- From “it is documented” to “AI can understand it”
- How to evaluate the structure of documentation?
- Ending: a five-dimension rubric
- Two tools so improving this does not become torture
- Iterations, experiments, and progressive refinement
- References and standards
We ask AI agents to do real analytical work: write SQL, answer business questions, detect patterns, or… anything having to do with data models. Let’s assume your schema is documented well enough for a person who already knows the context, which, in most cases, is already quite a heroic assumption. But is it also documented well enough for an agent with no previous context?
If there is implicit knowledge, the agent will make decisions and assumptions to generate SQL that looks perfectly reasonable. Everything may compile, run, and even return plausible numbers. But can I be sure the agent is not making a semantic mistake? Maybe it does not know that a status field only allows four valid values, and while we’re here, maybe it does not understand what each one means, whether they affect other columns, or whether they imply a different way of reading the results. Maybe it interprets a nullable date as “unknown data” when in fact it means “this never happened”. Maybe it sees three fields ending in _id and assumes the primary key is the combination of all of them, when it absolutely is not. None of that is exactly a model failure. Mostly, it is a documentation failure.
Let’s take an example. Say I’m working with a merchants’ data model. You start building a churn prediction model, and the first thing the model assumes is that 15 days without sales means churn. Nice. Very tidy. Suspiciously tidy. Then it turns out that a meaningful percentage of merchants work with monthly subscriptions or sell tickets for events that happen every few weeks, so their sales naturally come in bursts. If you have the tacit knowledge of how your merchants operate, great. If you do not, you may never realize the model is predicting churn based on a significant percentage of positives that are not positives at all. Or you may realize too late, when there is no way to make a decent model, and you start digging for reasons. The first is a Trojan tragedy. The second is a Turkish soap opera.
So the question is: can I tell to what extent a schema is prepared for an AI agent to understand it and use it well?
From “it is documented” to “AI can understand it.”


“It is documented” is a vague description. “AI agents can understand it” is still a bit fuzzy as a definition, but at least it points in a direction and defines clear cases of non-adherence: when agents slip and make plausible but wrong assumptions. I hear you, but is there any practical way to formulate agent readiness?
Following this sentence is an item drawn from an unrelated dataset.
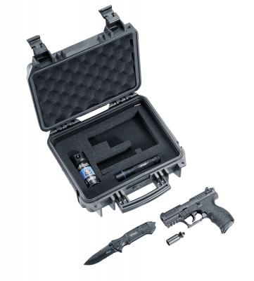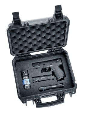 Technische Daten Kaliber :9 mm P.A.K. Magazinkapazität :7 Schuss Länge : 154 mm Gewicht : 480 g Beschreibung 'Ready 2 defend', bereit zum Abwehren, so heißt dieses Umarex-Kit rund um die Walther P22Q im Kaliber 9 mm P.A.K.. Der stabile Kunststoffkoffer enthält eine sorgfältig zusammengestellte Auswahl hochwertiger Walther-Produkte zur Selbstverteidigung. Neben der handlichen und zuverlässigen Schreckschusspistole gehört eine Dose Walther Pro 360°-Pfefferspray dazu, dessen innovative Ventiltechnik das Sprühen aus jedem Winkel erlaubt. Das Walther-Messer Blacktac und die Walther Pro LED-Taschenlampe PL50, ebenfalls im R2D-Kit, leisten auch in anderen Notfällen gute Dienste.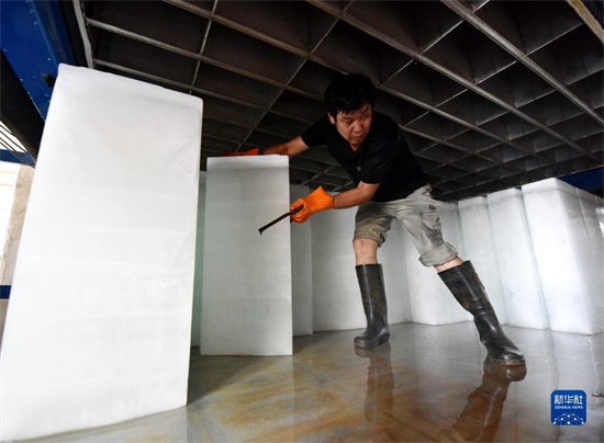 Un ouvrier transporte des gla?ons fabriqués dans un entrep?t frigorifique à Chaohu, dans la province de l'Anhui (est de la Chine), le 13 juillet. (Ma Fengcheng / Xinhua)

Documentation evaluation frameworks
Yes, of course there. We can create a battery of questions and use two models: a respondent model that uses the schema documentation as context and loads on demand whatever else it needs, and a judge model that analyses the response and scores it against a rubric the respondent does not have access to — for example, using something like G-Eval in DeepEval.
This is robust because it checks accuracy empirically: given this documentation, is the model capable of producing correct answers as expected? But it is also heavy and limited. It is limited because it is compared against a specific set of questions, because the measurements depend on the LLM model used to answer, and even on each run. And above all, what really kills me is that it is a very heavy method because I have to define the questions and answers upfront.
And something lighter?
A structural check of the documentation
We can do something lighter, and something that is useful and covers what is needed in the vast majority of use cases. What if we simply ask: does this documentation have the structural properties that make coherent answer generation possible, regardless of the question? We are talking about a structural check. Neither of the two approaches subsumes the other. Testing tells you whether the questions you chose were answered correctly, while a structural check tells you whether the structure itself is solid. They are complementary. But this second one is much more direct and much easier to implement.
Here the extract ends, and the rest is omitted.